THE OLD TOWN OF PAINTED POST
In the summer of 1779, a numerous party
of Tories and Indians, under the command of a
Loyalist named McDonald and Hiakatoo, a renowned
Seneca war-chief, returned to the north by way of
Pine Creek, the Tioga, and the Conhocton, from an
incursion among the settlements on the west branch
of the Susquehanna. They had suffered a severe loss
in a conflict with the borderers, and brought with
them many wounded. Their march was also encumbered
by many prisoners, men, women and children, taken at
Freeling’s Fort. A party of rangers followed them a
few days, journeying into the wilderness, and found
at their abandoned encampment abundant proof of the
manfulness with which the knives and rifles of the
frontier had been used in repelling its foes, in the
heaps of bark and roots which had been pounded or
steeped in preparing draughts and dressing for the
wounded warriors. Under the elms of the confluence
of the Tioga and Conhocton, Captain Montour, a
half-breed, a fine young chief, a gallant warrior
and a favorite with his tribe, died of his wounds.
He was a son of the famous Queen Catharine. His
comrades buried him by the river side, and planted
about his grave a post on which was painted various
symbols and rude devices. This monument was known
throughout the Genesee Forest as the Painted Post.
It was a landmark well known all the Six Nations,
and was often visited by their braves and chieftains.
At the Painted Post, the first habitation of
civilized man erected in Steuben county, was built by
William Harris, an Indian Trader.
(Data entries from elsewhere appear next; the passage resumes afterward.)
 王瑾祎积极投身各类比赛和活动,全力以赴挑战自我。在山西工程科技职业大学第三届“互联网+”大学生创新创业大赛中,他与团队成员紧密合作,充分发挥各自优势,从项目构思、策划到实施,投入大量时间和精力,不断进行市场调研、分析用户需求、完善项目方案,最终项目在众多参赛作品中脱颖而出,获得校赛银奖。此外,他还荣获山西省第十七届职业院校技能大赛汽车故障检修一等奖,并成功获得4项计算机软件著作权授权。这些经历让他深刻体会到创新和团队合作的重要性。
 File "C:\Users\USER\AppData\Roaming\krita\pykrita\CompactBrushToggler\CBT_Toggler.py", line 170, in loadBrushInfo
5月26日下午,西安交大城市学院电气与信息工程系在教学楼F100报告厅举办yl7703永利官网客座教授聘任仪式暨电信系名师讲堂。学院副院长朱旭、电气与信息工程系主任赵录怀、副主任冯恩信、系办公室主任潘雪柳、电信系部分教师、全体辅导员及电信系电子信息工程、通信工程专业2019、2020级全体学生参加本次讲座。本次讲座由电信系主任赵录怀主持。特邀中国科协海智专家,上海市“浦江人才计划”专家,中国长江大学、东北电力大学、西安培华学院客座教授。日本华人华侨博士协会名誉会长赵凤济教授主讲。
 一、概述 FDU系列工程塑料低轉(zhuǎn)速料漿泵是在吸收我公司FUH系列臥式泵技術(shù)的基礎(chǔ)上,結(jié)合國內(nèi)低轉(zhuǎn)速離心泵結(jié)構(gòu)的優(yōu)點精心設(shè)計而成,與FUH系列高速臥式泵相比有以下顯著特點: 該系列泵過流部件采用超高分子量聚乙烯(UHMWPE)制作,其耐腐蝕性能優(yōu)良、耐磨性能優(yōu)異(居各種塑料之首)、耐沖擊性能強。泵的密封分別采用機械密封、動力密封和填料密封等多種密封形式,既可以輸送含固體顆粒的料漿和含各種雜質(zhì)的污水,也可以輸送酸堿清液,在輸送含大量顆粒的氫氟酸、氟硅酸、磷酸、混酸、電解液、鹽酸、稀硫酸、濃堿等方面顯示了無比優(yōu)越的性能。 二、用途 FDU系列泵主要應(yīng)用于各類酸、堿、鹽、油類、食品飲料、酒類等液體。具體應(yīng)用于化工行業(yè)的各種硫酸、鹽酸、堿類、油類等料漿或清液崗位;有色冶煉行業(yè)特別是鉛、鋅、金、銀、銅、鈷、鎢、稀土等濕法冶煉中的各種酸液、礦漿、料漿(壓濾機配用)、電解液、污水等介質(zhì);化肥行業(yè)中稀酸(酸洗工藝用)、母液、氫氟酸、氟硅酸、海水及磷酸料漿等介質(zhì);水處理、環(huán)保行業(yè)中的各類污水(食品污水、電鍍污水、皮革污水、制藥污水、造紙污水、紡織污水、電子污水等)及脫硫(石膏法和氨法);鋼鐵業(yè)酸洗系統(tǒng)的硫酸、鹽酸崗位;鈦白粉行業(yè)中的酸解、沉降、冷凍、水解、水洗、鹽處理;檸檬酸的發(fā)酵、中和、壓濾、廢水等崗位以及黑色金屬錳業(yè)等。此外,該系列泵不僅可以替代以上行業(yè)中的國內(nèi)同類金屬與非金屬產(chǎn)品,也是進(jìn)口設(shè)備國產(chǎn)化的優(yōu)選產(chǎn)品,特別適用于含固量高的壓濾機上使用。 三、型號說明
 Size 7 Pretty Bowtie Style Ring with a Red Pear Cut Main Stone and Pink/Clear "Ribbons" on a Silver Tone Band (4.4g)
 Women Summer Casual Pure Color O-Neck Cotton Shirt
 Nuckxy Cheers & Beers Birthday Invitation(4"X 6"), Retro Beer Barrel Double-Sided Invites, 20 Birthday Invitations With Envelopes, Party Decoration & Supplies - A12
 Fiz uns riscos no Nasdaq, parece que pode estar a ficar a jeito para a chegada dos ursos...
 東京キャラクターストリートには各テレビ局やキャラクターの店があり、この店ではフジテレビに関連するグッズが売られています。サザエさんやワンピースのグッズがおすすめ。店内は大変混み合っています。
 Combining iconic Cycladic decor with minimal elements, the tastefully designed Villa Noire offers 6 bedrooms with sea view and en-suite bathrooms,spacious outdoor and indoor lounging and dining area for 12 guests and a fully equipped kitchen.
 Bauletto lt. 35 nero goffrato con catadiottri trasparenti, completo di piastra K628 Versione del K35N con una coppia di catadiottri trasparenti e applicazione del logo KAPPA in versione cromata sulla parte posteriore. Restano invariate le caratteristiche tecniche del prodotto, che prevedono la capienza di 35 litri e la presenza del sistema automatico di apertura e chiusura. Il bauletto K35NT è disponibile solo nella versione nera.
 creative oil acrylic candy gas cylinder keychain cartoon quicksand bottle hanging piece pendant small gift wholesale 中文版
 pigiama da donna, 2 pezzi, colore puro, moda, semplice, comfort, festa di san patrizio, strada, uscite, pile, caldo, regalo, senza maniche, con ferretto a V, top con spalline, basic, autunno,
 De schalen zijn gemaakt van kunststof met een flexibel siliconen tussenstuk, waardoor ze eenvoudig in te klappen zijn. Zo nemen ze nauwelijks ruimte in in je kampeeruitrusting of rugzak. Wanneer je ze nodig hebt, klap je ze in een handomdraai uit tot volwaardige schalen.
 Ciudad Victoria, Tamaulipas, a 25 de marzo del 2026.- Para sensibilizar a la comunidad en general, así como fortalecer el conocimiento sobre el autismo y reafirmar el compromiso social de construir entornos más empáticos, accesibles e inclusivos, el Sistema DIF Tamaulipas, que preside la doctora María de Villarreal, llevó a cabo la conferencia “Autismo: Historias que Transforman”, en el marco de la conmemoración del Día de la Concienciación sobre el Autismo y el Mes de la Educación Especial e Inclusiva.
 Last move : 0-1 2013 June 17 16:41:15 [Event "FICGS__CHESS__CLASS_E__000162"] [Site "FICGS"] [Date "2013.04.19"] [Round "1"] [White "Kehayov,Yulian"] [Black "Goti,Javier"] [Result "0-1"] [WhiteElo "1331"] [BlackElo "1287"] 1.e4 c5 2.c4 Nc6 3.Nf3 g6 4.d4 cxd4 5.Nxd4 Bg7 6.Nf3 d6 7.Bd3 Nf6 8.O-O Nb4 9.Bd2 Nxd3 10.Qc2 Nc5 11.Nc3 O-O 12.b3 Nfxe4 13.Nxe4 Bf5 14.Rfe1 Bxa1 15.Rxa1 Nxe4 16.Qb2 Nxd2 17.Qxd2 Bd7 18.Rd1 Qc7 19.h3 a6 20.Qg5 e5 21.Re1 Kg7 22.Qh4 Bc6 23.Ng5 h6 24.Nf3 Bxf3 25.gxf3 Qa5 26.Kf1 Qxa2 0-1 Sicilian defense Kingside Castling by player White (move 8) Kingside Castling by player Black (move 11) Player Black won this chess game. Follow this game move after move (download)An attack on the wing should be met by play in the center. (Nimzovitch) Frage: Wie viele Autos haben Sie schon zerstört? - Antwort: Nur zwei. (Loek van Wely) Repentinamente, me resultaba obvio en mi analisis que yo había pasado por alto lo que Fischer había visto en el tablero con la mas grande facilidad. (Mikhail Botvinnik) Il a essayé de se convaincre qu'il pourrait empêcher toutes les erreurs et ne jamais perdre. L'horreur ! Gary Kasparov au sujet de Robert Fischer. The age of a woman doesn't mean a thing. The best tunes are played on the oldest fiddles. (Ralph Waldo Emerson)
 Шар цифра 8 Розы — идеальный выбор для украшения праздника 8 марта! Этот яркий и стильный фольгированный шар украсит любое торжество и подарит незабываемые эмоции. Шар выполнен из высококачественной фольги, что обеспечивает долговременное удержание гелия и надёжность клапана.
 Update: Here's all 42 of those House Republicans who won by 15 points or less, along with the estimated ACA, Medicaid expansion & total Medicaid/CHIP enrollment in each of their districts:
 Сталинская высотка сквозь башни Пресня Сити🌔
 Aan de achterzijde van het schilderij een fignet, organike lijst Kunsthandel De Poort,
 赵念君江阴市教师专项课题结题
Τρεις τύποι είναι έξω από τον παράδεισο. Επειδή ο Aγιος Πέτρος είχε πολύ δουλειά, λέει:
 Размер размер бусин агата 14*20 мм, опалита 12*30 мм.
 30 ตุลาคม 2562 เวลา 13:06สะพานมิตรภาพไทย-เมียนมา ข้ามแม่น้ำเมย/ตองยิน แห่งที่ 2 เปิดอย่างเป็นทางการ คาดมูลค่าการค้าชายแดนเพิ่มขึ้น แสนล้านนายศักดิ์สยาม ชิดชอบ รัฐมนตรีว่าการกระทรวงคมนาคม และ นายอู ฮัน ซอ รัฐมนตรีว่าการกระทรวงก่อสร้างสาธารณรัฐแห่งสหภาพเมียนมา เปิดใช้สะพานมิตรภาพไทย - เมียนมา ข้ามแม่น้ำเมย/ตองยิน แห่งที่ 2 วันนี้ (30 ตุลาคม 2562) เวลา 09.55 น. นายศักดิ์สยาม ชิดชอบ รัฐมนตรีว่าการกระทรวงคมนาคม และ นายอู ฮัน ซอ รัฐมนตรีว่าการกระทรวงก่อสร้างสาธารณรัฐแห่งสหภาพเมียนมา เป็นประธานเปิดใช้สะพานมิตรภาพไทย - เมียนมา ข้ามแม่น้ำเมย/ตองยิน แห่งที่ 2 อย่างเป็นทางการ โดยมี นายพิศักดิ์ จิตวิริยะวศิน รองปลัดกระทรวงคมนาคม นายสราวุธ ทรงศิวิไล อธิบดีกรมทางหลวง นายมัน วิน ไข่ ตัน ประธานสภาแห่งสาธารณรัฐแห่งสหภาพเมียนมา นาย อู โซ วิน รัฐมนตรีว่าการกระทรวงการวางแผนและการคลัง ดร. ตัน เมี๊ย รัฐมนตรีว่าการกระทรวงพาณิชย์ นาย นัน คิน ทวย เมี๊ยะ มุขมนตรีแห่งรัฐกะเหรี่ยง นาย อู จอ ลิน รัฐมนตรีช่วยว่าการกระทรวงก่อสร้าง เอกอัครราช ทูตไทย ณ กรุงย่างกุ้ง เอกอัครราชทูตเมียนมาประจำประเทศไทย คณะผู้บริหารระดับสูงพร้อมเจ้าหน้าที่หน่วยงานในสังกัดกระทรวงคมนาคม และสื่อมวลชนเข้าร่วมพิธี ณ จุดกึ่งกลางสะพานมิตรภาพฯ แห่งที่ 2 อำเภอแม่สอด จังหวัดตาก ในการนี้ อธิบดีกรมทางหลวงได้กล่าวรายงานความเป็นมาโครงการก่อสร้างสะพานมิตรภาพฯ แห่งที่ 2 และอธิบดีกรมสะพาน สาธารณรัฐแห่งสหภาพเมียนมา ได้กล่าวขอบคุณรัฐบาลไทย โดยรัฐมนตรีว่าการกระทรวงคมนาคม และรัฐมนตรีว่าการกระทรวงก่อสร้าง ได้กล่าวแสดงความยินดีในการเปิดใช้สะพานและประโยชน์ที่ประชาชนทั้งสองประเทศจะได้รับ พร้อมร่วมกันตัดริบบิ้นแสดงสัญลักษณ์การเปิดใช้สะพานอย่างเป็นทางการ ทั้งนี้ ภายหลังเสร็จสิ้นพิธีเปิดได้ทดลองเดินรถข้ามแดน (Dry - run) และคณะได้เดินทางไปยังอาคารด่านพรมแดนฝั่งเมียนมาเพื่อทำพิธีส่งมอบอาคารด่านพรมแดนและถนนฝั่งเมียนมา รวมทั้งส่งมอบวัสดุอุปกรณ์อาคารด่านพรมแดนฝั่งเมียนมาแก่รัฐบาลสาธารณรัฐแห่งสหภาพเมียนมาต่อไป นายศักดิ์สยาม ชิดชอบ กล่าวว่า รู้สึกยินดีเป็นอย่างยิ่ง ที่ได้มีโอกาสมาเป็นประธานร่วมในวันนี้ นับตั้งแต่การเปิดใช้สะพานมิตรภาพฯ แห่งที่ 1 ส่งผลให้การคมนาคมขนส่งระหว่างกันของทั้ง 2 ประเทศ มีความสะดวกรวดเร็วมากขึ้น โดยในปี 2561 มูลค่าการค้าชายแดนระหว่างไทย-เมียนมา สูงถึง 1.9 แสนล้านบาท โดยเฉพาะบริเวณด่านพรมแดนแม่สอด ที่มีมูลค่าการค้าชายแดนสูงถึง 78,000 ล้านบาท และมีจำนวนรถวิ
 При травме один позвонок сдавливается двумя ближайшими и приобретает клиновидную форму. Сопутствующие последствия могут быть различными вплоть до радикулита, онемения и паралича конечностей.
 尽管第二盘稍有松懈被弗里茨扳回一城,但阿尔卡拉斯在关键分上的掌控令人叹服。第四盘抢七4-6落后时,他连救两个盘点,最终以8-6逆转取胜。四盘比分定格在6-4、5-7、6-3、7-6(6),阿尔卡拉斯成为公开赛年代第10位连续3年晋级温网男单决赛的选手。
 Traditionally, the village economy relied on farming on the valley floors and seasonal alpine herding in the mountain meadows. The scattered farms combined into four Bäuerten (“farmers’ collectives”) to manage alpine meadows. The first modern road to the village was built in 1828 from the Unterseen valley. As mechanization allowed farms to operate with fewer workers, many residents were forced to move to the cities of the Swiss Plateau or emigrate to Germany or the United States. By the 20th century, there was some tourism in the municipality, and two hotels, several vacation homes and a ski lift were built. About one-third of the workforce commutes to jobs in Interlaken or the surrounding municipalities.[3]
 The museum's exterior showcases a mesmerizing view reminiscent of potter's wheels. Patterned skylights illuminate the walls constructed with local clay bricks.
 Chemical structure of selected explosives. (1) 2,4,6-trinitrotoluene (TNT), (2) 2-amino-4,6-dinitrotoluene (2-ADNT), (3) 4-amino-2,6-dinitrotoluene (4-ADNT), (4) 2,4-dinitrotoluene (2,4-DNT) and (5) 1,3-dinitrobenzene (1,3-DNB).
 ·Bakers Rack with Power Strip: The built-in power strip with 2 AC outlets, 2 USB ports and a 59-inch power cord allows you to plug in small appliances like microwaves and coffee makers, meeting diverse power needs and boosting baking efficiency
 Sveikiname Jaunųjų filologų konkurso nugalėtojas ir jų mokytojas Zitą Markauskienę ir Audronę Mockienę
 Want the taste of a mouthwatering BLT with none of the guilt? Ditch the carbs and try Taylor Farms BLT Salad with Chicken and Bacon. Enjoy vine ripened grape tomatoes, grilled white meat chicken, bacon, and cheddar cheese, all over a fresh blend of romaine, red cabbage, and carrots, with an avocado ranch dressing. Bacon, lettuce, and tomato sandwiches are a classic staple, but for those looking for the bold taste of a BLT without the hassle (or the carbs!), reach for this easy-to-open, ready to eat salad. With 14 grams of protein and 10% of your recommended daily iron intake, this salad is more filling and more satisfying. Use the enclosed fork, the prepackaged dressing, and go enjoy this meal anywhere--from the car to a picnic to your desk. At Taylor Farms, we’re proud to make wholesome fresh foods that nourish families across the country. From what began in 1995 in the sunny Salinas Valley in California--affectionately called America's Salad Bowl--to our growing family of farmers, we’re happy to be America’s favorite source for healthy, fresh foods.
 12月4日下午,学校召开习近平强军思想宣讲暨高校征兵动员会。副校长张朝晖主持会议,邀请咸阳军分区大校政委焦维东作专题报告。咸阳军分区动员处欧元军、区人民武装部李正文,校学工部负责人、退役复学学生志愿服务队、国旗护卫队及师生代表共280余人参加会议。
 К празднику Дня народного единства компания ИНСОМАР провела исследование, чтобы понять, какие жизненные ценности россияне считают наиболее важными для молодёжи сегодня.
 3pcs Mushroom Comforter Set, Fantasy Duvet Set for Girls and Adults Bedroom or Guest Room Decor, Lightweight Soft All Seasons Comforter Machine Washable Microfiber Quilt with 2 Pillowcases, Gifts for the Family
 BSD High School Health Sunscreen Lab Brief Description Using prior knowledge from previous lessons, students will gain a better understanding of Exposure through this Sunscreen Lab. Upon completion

Harris was a
Pennsylvanian, and not long after the close of the
Revolutionary war pushed up the Chemung with a cargo
of Indian goods, to open a traffic with the hunting
parties of the Six Nations, which resorted at certain
seasons to the north-western of the Susquehanna. A
canoe or a pack-horse sufficed at that time to transport
the yearly merchandise of the citizens of our county.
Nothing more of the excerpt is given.